Pre–incorporation Contracts

Incorporation of company includes variety of activities which are done by


agreements, for example, buying land for manufacturing and registered office,
technology transfer, loan agreement, agreement with stock exchange, agreement
with intermediaries, agreement with third parties for procurement of raw materials
and mobilization of stock in trade.
Before incorporation, company has no contractual capacity so on behalf of a
prospective company all such agreements were signed by promoters and these
contracts are known as pre-incorporation agreements. No contract can bind the co.
before it becomes capable of contracting by incorporation.
A very apt question in this regard is that what will be liability of promoter or
company or third party in pre-incorporation agreement.
 The true legal position in respect of pre-incorporation contracts may be discussed
under the following two heads:
 1. Position before 1963 (i.e., before passing of Specific Relief act, 1963), and
 2. Position after 1963
 1) A pre-incorporation contract never binds a company since a person (legal or
juristic) cannot contract before his or its existence and a company before
incorporation has no legal existence.

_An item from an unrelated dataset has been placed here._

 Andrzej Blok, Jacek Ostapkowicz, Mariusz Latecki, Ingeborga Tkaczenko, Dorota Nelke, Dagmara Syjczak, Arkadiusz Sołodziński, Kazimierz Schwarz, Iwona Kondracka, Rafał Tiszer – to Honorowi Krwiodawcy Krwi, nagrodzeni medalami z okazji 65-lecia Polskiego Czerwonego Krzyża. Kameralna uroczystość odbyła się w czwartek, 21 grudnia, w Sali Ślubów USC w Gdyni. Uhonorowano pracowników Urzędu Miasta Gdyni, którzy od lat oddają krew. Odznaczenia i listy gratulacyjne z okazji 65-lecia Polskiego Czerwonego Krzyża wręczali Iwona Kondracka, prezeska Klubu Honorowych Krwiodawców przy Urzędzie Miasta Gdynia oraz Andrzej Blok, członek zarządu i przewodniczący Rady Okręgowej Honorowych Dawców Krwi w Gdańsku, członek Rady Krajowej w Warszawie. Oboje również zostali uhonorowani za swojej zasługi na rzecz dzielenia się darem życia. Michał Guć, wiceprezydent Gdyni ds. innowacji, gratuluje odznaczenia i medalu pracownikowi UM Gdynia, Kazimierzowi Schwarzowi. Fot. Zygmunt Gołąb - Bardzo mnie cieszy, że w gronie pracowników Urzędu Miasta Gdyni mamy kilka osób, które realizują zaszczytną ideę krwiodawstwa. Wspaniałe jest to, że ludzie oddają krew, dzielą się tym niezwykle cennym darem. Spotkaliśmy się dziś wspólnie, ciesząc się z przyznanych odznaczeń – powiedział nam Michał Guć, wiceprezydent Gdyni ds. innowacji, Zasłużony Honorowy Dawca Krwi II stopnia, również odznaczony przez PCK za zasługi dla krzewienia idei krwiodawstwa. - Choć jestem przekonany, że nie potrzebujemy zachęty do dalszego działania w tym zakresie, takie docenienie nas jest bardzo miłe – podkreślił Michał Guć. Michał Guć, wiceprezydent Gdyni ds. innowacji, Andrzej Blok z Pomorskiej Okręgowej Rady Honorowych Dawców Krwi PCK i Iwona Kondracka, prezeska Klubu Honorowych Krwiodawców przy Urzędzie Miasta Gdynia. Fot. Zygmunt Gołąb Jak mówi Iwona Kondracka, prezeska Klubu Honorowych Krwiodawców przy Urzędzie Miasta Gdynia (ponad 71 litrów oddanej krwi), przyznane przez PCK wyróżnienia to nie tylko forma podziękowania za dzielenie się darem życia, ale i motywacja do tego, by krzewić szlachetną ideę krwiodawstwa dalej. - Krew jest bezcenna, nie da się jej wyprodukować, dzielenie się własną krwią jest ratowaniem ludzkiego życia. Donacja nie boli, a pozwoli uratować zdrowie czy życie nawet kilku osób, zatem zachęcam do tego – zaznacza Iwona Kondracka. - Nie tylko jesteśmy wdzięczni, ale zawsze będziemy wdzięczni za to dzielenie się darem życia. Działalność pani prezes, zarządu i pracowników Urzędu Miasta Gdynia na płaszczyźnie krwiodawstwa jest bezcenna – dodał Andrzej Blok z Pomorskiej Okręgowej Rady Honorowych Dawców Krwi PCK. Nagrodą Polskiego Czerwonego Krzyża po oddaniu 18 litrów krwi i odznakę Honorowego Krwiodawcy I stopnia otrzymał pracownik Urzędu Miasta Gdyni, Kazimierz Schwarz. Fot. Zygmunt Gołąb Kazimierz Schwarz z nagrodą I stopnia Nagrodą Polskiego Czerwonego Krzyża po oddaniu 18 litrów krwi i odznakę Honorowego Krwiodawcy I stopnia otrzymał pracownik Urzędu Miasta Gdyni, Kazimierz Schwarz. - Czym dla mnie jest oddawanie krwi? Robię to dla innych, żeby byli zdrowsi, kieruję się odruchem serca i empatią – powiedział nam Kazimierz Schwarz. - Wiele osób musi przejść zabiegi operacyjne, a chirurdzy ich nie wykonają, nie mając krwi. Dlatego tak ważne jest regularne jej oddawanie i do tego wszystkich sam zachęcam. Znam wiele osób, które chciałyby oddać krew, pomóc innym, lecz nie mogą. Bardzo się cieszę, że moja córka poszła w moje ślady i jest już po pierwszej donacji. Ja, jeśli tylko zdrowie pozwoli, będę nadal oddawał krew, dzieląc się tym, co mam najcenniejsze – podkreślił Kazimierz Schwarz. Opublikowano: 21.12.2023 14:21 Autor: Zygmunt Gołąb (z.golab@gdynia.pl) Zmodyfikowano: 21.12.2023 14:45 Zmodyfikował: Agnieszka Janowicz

The company is also not entitled to sue on a
pre-incorporation contract. As it was held in the case of Natal land and colonization
company V. Pauline colliery syndicate [(1904) AC 120] that the syndicate was not
entitled to its claim as it was not in existence when the contract was made and a
company cannot obtain the benefit of a pre-incorporation contract in the suit of
specific performance.
2. Position after 1963 (i.e., After Passing of the Specific Relief Act, 1963)

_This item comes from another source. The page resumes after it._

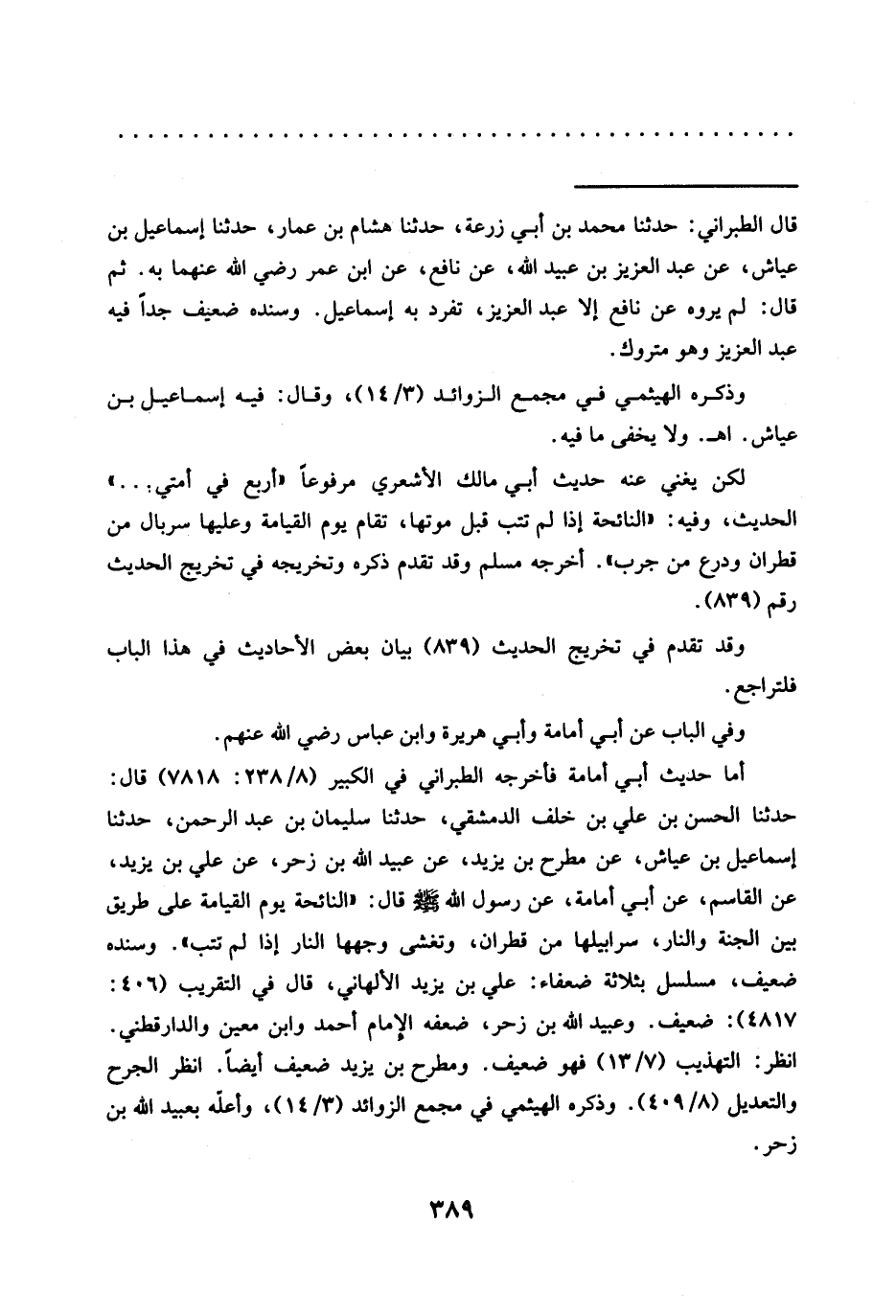 = قال الطبراني: حدثنا محمد بن أبي زرعة، حدثنا هشام بن عمار، حَدَّثَنَا إِسْمَاعِيلُ بْنُ عَيَّاشٍ، عَنْ عَبْدِ الْعَزِيزِ بْنِ عُبَيْدِ اللَّهِ، عَنْ نَافِعٍ، عَنِ ابْنِ عمر رضي الله عنهما به. ثم قال: لم يروه عن نافع إلا عبد العزيز، تفرد به إسماعيل. وسنده ضعيف جداً فيه عبد العزيز وهو متروك.

 Until the passing of the Specific Relief Act, 1963, in India the promoters found
it very difficult to carry out the work of incorporation. Since contracts prior to
incorporation were void and also could not be ratified, people hesitated to
either supply any goods or services for the cause of incorporation.
The Specific Relief Act, 1963 came as a relief to the promoters.
 Section 15(h) and 19(e) of the Specific Relief Act provides as follows:
 1) The contract should have been entered into by the promoter for the purpose
 of the company
 2) The terms of incorporation should warrant such contract.
 3) The company should accept the contract after incorporation.
 4) Such acceptance should be communicated to the other party to the contract.
 After incorporation of the company
After company came into existence, a company can ratify or adopt the contract, and this
would bind the company and not the promoter. Under the Specific Relief Act 1963, Section
15(h) and 19(e) promoter can shift his right and responsibility to the company, if it is
warranted by the terms of incorporation.